Cowen explained that the logarithmic regression band is designed to gauge an asset's fair value using data that excludes speculative bubbles.
Cryptocurrency analyst and trader Josh Cowen has shared his analysis of the ETH/USD and ETH/BTC charts, suggesting that the former may still have some downside left while the latter has likely bottomed.
Cowen’s analysis is based on the logarithmic regression bands, which he uses to determine an asset’s fair value by excluding data that is influenced by speculative bubbles.
According to his analysis, ETH/USD is still trading above these bands, indicating that it may be overvalued and could experience some further decline.
On the other hand, ETH/BTC has already reached these bands, suggesting that it may be fairly valued and could begin to appreciate from current levels.
“The logarithmic regression bands are designed to gauge an asset’s fair value using data that excludes speculative bubbles.
This pattern is repeating now as the Fed begins to cut rates, and ETH/USD is trending downwards, likely continuing into Q4.
However, while ETH/BTC bottomed in September 2019, ETH/USD continued to decline.
This time around, it’s possible that a market bottom for ETH/USD could be forming in Q4.”
Cowen also highlighted the significance of the ETH/BTC pair, noting that it bottomed before ETH/USD in the previous market cycle.

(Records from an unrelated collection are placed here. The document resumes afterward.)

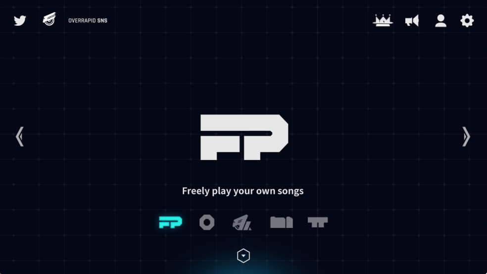启动游戏后,首先进入歌曲选择界面——所有已解锁曲目一目了然,点击即可开玩;左下角【FREEPLAY CONSOLE】是你的中枢控制台:登录账号同步进度、下载新增曲包、自由切换1~6键模式、调节难度等级、进入商店购买DLC,全部操作一步直达。
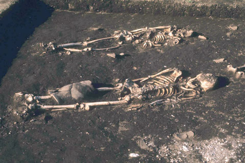 | 1次調査では、表土を掘り始めるとすぐに人骨も出てきた。地表からは30cmほどだ。しかも保存状態が極めて良好だった。 |
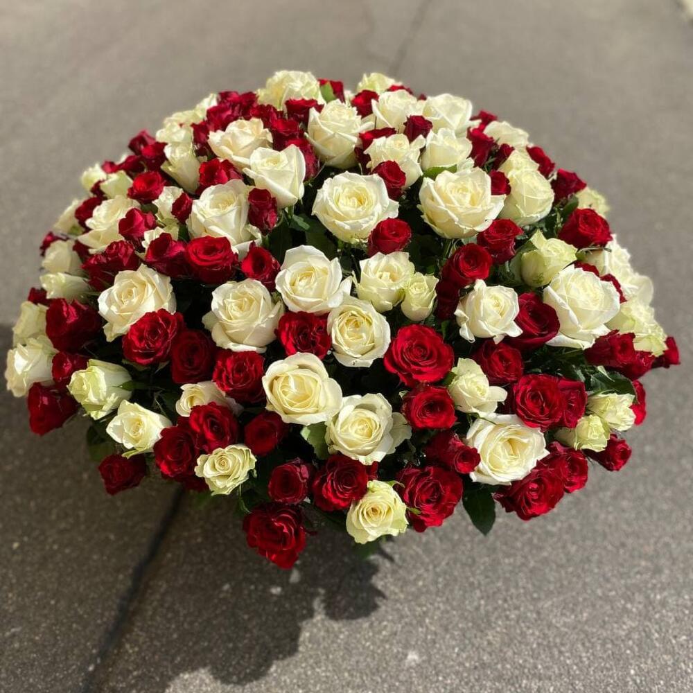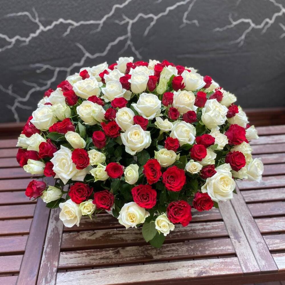 Большая корзина из 201 красной и белой розы “Красно-белая фреска”
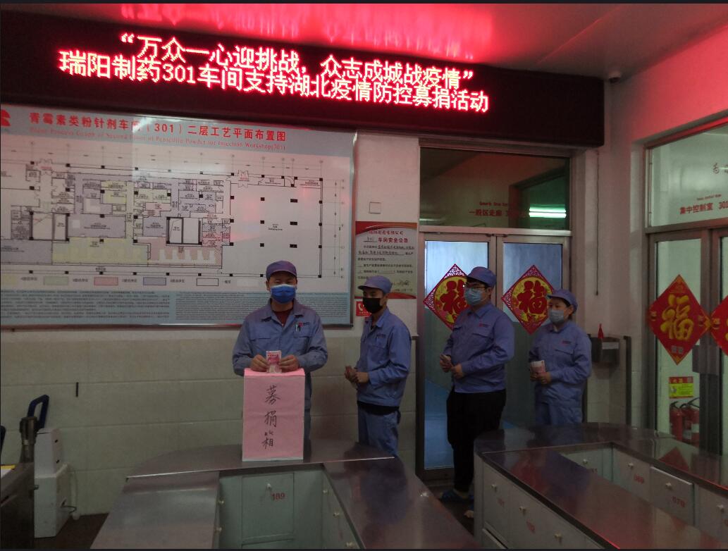 倡議發出后,公司廣大黨員及領導干部積極帶頭參與,全體員工爭相踴躍參加。從2月13日開始,短短一天半的時間就有4459人捐款,共募捐到502610.2元,瑞陽人以實際行動踐行“瑞陽制藥 造福四方”的責任和擔當,為疫區抗疫工作獻上了綿薄之力。這些愛心捐款將通過沂源縣慈善總會全部用于支持湖北抗擊新型冠狀病毒疫情。
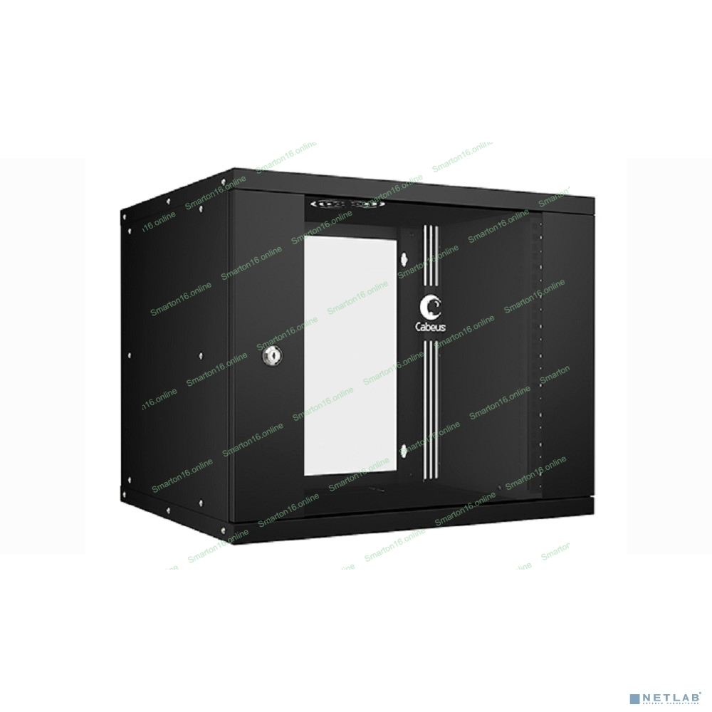 Шкаф телекоммуникационный настенный Cabeus Light, 19", 9U, 450х550х450 мм (ВхШхГ), дверь: стекло, разборный, чёрный
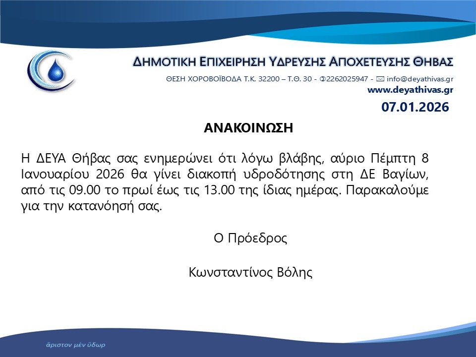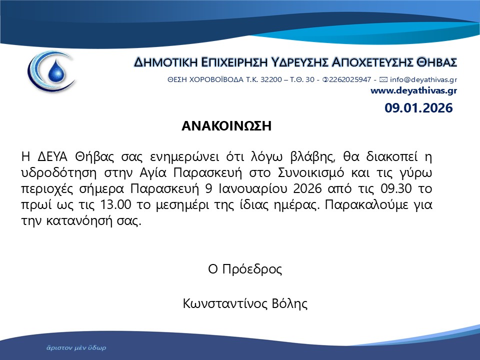 02 Feb 2026 Ανακοινώσεις ΔΕΥΑΘ, Νεα Διακοπή υδροδότησης 2/2/2026 Posted by dimosthivas 02/02/2026 Περισσοτερα
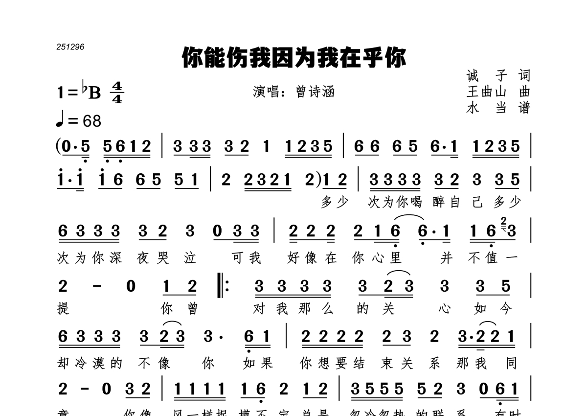 你能伤我因为我在乎你简谱 - 曾诗涵演唱

He observed that ETH/BTC reached a market bottom in September 2024, which aligns with the timeframe for the broader market bottom.
“Keep in mind that in 2019, ETH/BTC found its bottom before ETH/USD did.
That bottom occurred in September.
Interestingly, the current low for ETH/BTC is also in September 2024.
It might dip slightly lower, but I don’t expect a significant decline.
I can see it finding a bottom soon, bouncing back, and potentially rising in 2025.”